# Exercise:
All pictures are to be excluded when the data below is output verbatim.

# Dataset section:
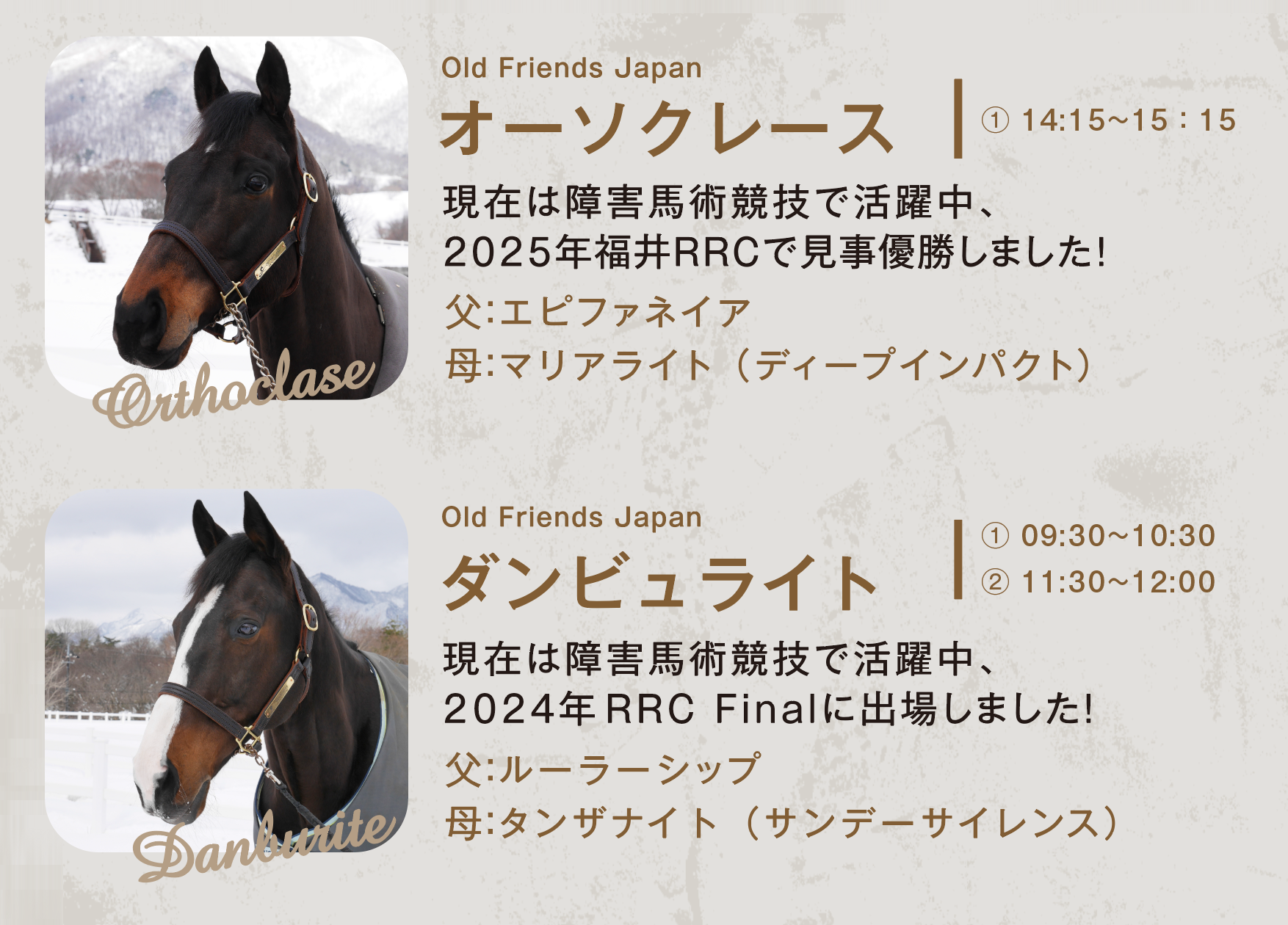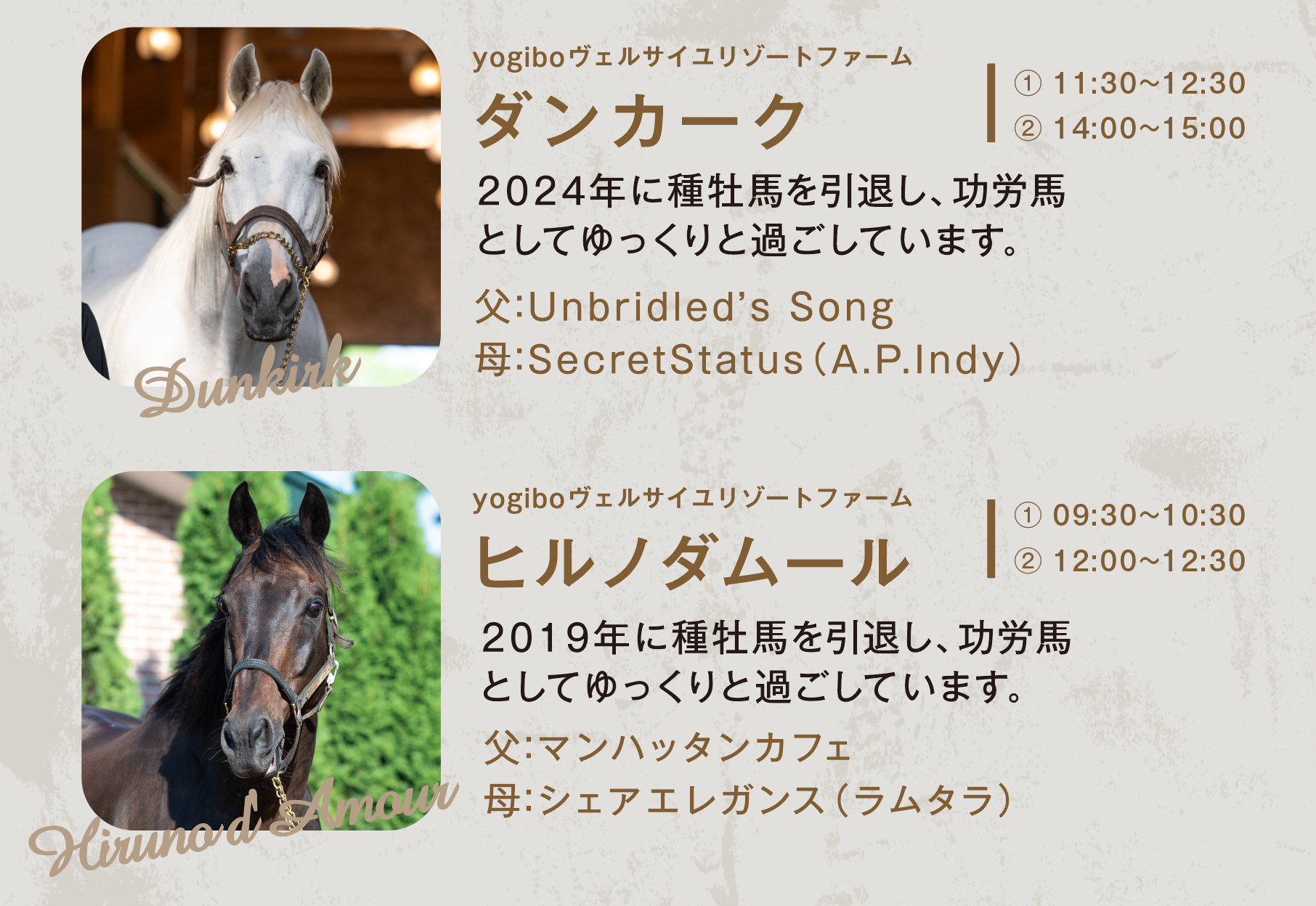 ● 当日の引退競走馬の体調やご機嫌により多少の時間の変更、また、撮影時間を早めに終了することがございます。予めご了承ください。
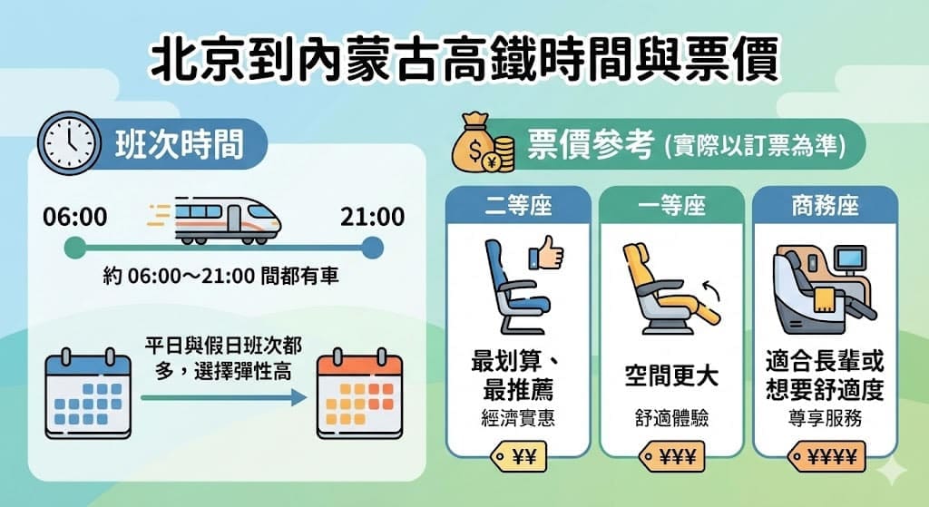 這條路線行駛於 京包/張呼高鐵,班次密集、穩定度高,是目前最成熟的內蒙古高鐵選擇。
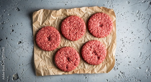Five Raw Ground Beef Patties on Parchment Paper Ready for Grilling.
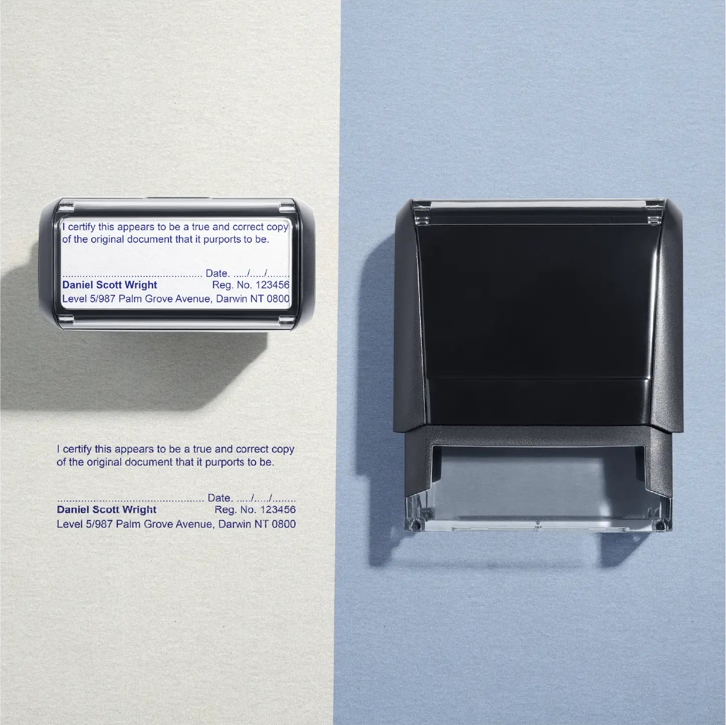 Beyond Its Looks: While its design and clarity are undeniably top-notch, it's the reliability of this stamp that sets it apart. Each impression is a testament to its quality, echoing the authenticity and commitment of a Justice of the Peace in the Northern Territory. The self-inking mechanism ensures you won't be reaching for an ink pad after every few uses, and the durability of the stamp guarantees it's built to last.

# Worked solution:
 ● 当日の引退競走馬の体調やご機嫌により多少の時間の変更、また、撮影時間を早めに終了することがございます。予めご了承ください。
 這條路線行駛於 京包/張呼高鐵,班次密集、穩定度高,是目前最成熟的內蒙古高鐵選擇。
Five Raw Ground Beef Patties on Parchment Paper Ready for Grilling.
 Beyond Its Looks: While its design and clarity are undeniably top-notch, it's the reliability of this stamp that sets it apart. Each impression is a testament to its quality, echoing the authenticity and commitment of a Justice of the Peace in the Northern Territory. The self-inking mechanism ensures you won't be reaching for an ink pad after every few uses, and the durability of the stamp guarantees it's built to last.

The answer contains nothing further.